There is no single definition for terrorism in international law or among scholars (Neumann, 2009). However, to simplify the discussion for this review, we conceptualise terrorism as “the use of indiscriminate violence against non-combatants by non-state actors with the purpose of generating fear in order to signal and advance particular sociopolitical objectives... [which also aims] to intimidate a larger audience beyond those directly targeted with violence” (Wilner and Dubouloz, 2010, p. 33). Most definitions such as this consider terrorism as violence committed by non-state actors (see the Global Terrorism Index, 2014). However, many scholars recognise the reality that governments also instigate terrorism when they carry out military attacks with the knowledge that civilians will be harmed (Kundnani, 2015; Naim and James, 2005). While we acknowledge this perspective, our review focuses primarily on violence carried out by non-state actors attempting to undermine governments.

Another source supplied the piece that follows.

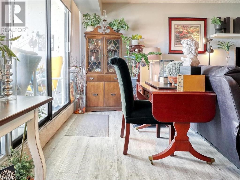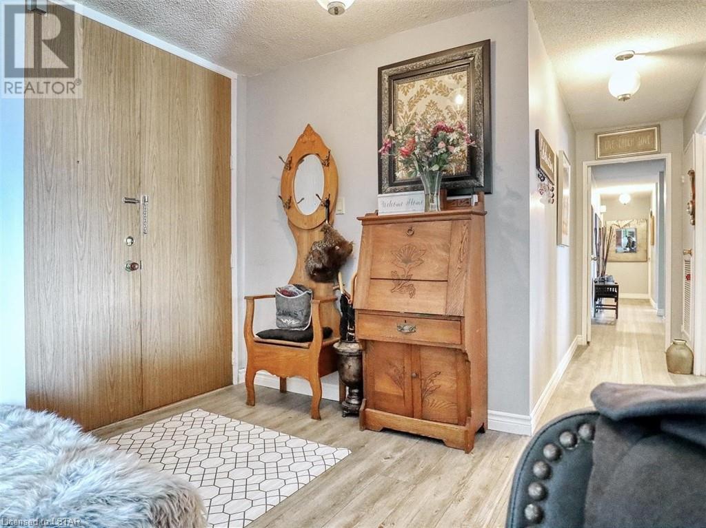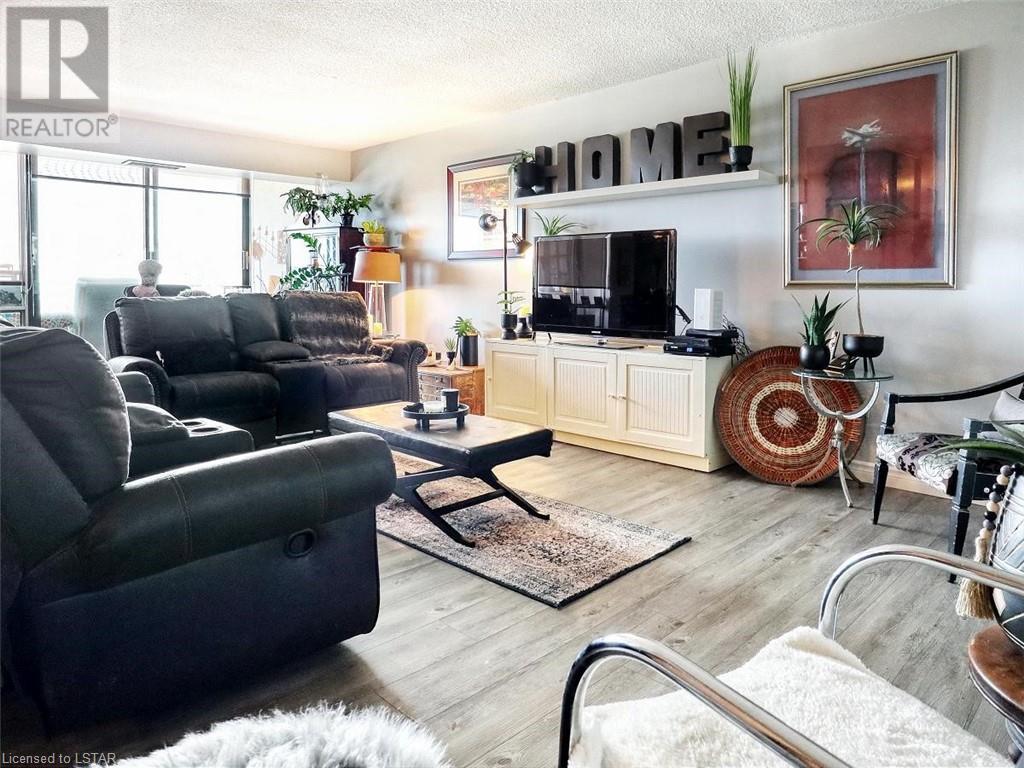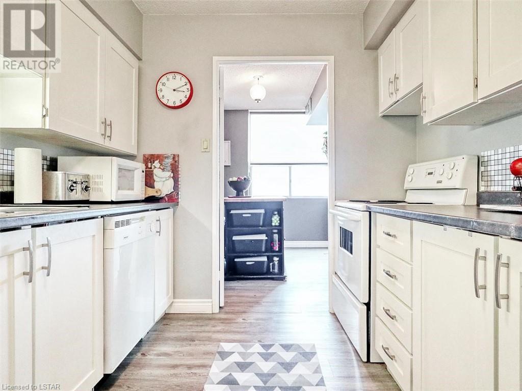 You will love the space and warmth of this wonderful, very rare THREE BEDROOM 1390 sq ft downtown condominium unit! Direct buses to Fanshawe College and Western University and walking distance to numerous amenities, theatre, concerts, Covent Garden Market, Victoria, Park, and Harris Park at the fork of the Thames River! This spacious living space boasts 2 balconies with great views, one accessed from the master bedroom and the other accessed from the large living/dining area.There are 2 full bathrooms including a full ensuite bathroom. Updated white kitchen with lots of storage. Many large closets throughout including a storage room which could be converted to a private laundry area. The building has extensive updated amenities that include a beautiful indoor pool, exercise room, 2 large outdoor patios, library/games room, large party/meeting area, a variety store, and a bright clean laundry room. Condo fees include all personal electricity use, heating, central air, water and cable TV. This is affordable luxury living at its best! Showings by appointment only - make yours today! (id:22211)
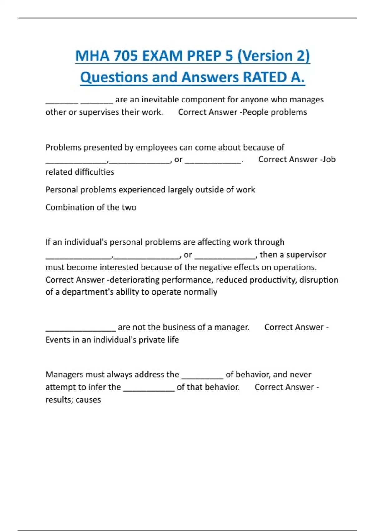 MHA 705 EXAM PREP 5 (Version 2) Questions and Answers RATED A.

It is important to note that terrorists may also work for what they imagine to be a common good or a moral cause. Terrorism is set apart from other kinds of violence by the terrorist’s belief in their moral superiority (Davies, 2009). Therefore, “since they often target civilians, terrorists lack moral strictures against the use of violence” (Lake, 2002, p. 17). Spaces of terror are not limited to a momentary act of political violence like a car or suicide bombing where there is the destruction of property or loss of life (Ayinde, 2009). The act of a single terrorist can have a wide impact with long-term effects.